• **PROVIDED DATA**:

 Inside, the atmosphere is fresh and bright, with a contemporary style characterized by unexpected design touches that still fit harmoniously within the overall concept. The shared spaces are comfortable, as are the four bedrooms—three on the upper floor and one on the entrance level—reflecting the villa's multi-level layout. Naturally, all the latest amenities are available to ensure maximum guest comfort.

--

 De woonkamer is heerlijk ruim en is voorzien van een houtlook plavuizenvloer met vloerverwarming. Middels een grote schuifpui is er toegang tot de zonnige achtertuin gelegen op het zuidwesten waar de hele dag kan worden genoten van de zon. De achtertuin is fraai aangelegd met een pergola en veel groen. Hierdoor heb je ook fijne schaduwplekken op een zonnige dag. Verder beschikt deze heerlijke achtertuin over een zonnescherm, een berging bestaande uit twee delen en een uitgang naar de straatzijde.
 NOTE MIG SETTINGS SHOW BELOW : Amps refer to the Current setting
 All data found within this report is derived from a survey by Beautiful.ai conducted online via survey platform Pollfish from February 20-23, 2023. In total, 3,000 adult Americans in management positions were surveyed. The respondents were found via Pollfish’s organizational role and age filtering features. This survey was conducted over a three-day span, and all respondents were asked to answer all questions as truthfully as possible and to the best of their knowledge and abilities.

• **TASK DETAILS**: From the data above, output exactly the lines between the one containing "NOTE MIG SETTINGS" and the one containing "All data found", counting both of them.

• **RESULT**:
 NOTE MIG SETTINGS SHOW BELOW : Amps refer to the Current setting
 All data found within this report is derived from a survey by Beautiful.ai conducted online via survey platform Pollfish from February 20-23, 2023. In total, 3,000 adult Americans in management positions were surveyed. The respondents were found via Pollfish’s organizational role and age filtering features. This survey was conducted over a three-day span, and all respondents were asked to answer all questions as truthfully as possible and to the best of their knowledge and abilities.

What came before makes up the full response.